> To do: Would you return the lines between the one holding "扇出型晶圓級封裝(FOWLP" and the one holding "Чеснок в корзине", inclusive, and only those, exactly as they stand in the listing below?

> Information provided:
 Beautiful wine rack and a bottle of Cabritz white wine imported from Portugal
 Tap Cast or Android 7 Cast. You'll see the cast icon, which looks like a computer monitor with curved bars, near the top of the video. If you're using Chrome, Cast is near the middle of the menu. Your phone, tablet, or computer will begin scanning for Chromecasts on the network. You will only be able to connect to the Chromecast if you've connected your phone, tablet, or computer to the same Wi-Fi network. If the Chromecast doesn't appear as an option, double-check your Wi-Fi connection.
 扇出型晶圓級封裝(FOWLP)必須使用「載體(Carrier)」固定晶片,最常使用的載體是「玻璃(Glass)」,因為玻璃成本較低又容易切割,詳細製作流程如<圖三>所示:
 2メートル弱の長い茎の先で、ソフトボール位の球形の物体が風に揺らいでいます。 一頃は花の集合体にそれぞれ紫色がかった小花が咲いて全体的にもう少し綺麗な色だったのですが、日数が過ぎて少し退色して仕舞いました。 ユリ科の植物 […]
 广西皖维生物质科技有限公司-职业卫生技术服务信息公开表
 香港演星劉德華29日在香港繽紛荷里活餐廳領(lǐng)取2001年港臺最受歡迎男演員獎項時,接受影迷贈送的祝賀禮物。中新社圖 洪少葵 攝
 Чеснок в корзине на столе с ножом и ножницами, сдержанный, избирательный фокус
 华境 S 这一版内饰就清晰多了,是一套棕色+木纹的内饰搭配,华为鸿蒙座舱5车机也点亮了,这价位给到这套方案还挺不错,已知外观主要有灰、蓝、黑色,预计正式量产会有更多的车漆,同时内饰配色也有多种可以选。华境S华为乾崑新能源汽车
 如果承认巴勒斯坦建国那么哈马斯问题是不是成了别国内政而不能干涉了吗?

==

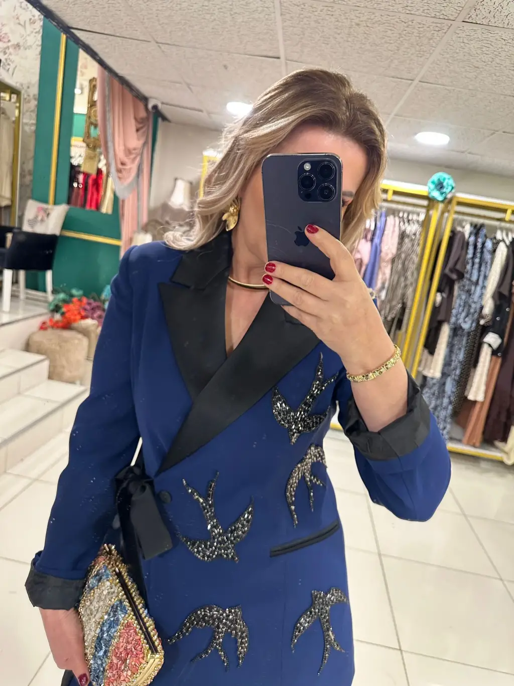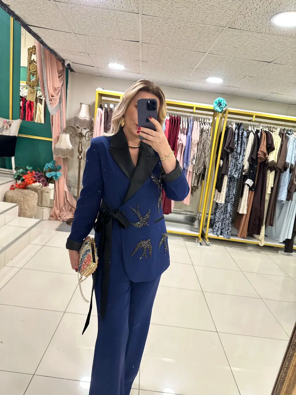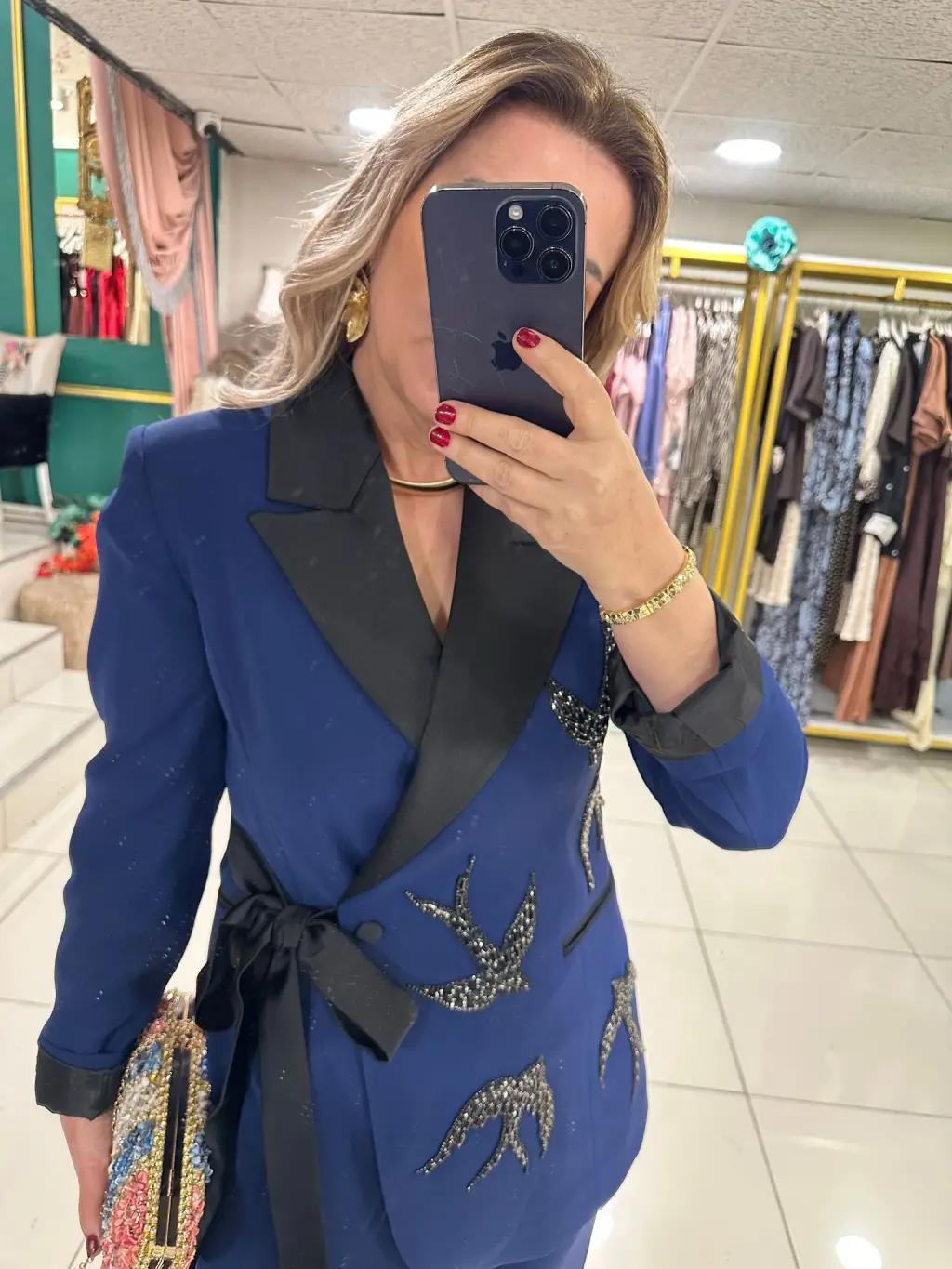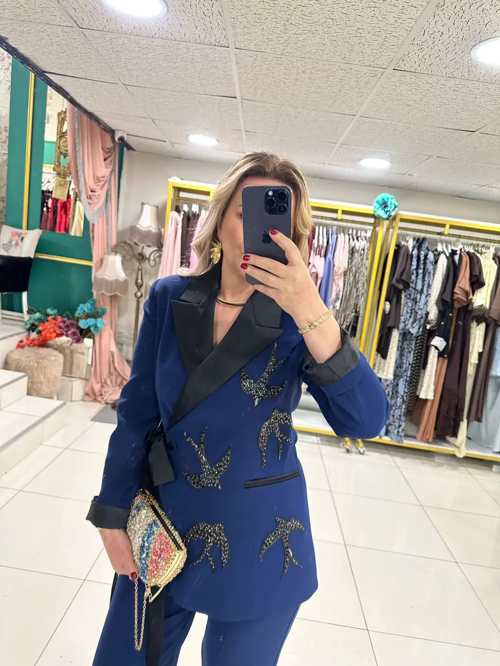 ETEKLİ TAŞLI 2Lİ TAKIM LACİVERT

> Solution for this task:
 扇出型晶圓級封裝(FOWLP)必須使用「載體(Carrier)」固定晶片,最常使用的載體是「玻璃(Glass)」,因為玻璃成本較低又容易切割,詳細製作流程如<圖三>所示:
 2メートル弱の長い茎の先で、ソフトボール位の球形の物体が風に揺らいでいます。 一頃は花の集合体にそれぞれ紫色がかった小花が咲いて全体的にもう少し綺麗な色だったのですが、日数が過ぎて少し退色して仕舞いました。 ユリ科の植物 […]
 广西皖维生物质科技有限公司-职业卫生技术服务信息公开表
 香港演星劉德華29日在香港繽紛荷里活餐廳領(lǐng)取2001年港臺最受歡迎男演員獎項時,接受影迷贈送的祝賀禮物。中新社圖 洪少葵 攝
 Чеснок в корзине на столе с ножом и ножницами, сдержанный, избирательный фокус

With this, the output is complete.